There is no legal requirement for a landlord to pay to keep residents safe from the effects of the pandemic - though again leases should be considered for any terms which could be said to amount to a contractual obligation to do just that. There are some limits on what can be charged to tenants under s11 of the Landlord and Tenant Act 1985, which requires a landlord to keep a let dwelling and service installations in repair – but this does not apply to long leaseholders and in any event the obligations would likely be of limited application to dealing with the pandemic.
Are residents entitled to a refund for a reduced or suspended services?
For fixed service charge models, this will depend on the lease. If the lease makes payment conditional on the provision of the services, leaseholders might have rights to make a deduction. It is probably more likely that the resident must pay regardless of the services provided, and consider whether it has a claim against the landlord for breach of the lease terms in respect of services promised but not delivered. Leases commonly contain provisions stating that a landlord is not liable for services not provided for matters outside its control, which may mean there is no breach.

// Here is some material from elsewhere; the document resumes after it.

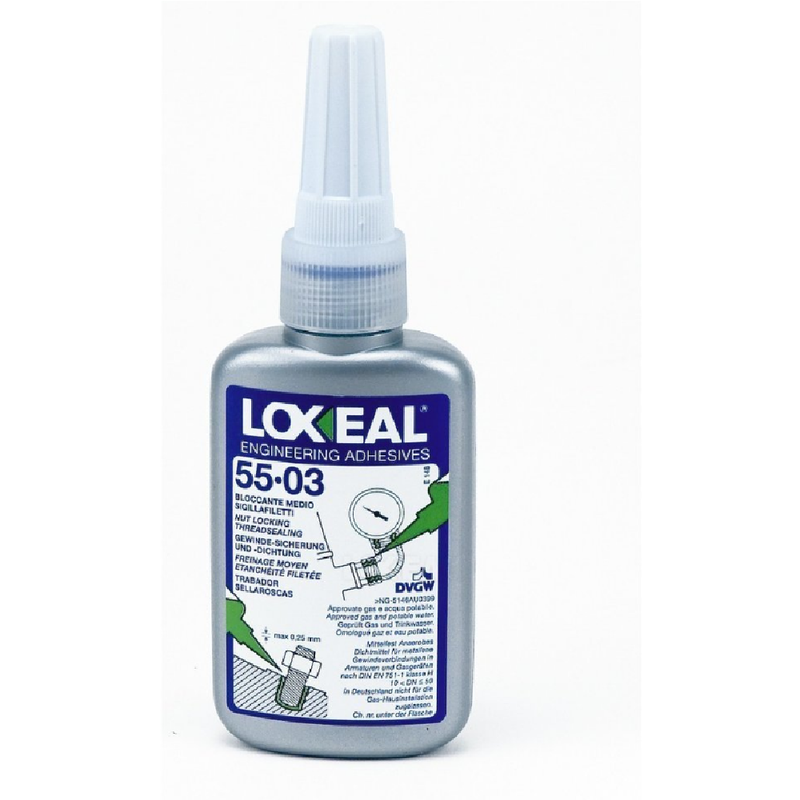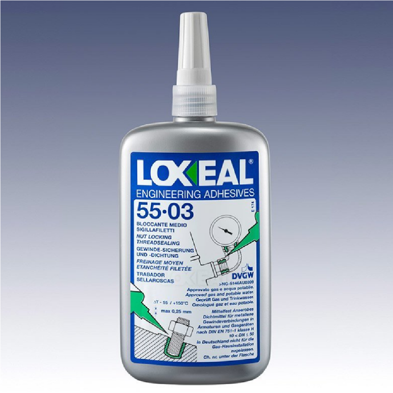 ОПИСАНИЕ:LOXEAL 55-03 – однокомпонентный анаэробный клей средней прочности для фиксации болтов, гаек, в соединениях, которые подлежат периодическому демонтажу. Соединение при необходимости можно разобрать обычным ручным инструментом. Устойчив к теплу, коррозии, вибрации, воде, газу, нефти, углеводородам и другим химическим веществам. Одновременно фиксирует и герметизирует резьбу, можно применять на замасленной поверхности. Сертифицирован для газа и питьевой воды.РЕКОМЕНДАЦИИ ПО ПРИМЕНЕНИЮ:Для получения наилучших результатов склеиваемые поверхности должны быть чистыми и обезжиренными. При рименяется даже на слегка замасленной поверхности. Продукт сертифицирован для воды (KTW, DVGW) и газа (DVGW). Продукт LOXEAL 55-03 (Локсеаль 55-03) наносится на внешнюю резьбовую часть в количестве, достаточном для заполнения резьбового зазора. Чрезмерно большие диаметры резьб и резьбовые зазоры могут негативно повлиять на прочность и скорость полимеризации. Продукт не рекомендуется наносить на поверхности из термопласта, поскольку возможно разрушение такого материала. При необходимости такого применения необходимо предварительно проверить совместимость продукта с материалом поверхностей.

A leaseholder could seek to exercise the right of set-off (reduction in payments against breaches which have caused them a loss), although many leases specifically exclude leaseholders from exercising the right of set off. If set off is not available, then unless the landlord and leaseholder can agree something, a leaseholder with a variable service charge would have to issue a claim in the First-tier Tribunal (Property Chamber) for a determination that the service charge is unreasonably high, or for a leaseholder with a fixed service charge a claim for breach of the lease would have to be brought via Court proceedings. This could make such a process unattractive to leaseholders as it will involve spending time and money, with no guarantee of reward.
In a variable model, if the actual costs of service delivery are lower because the landlord doesn’t provide as much, then naturally the service charge would be expected to be lower. However, that won't necessarily mean no cost for no services as some costs cannot be reduced to nil even where the services are completely suspended. And of course the extra pandemic related costs could easily outweigh any savings against reduced services. As to whether a refund is payable, that will depend on the terms of the lease – most leases will not provide for an overpayment to be refunded, instead it will be credited to the next year's service charge payment.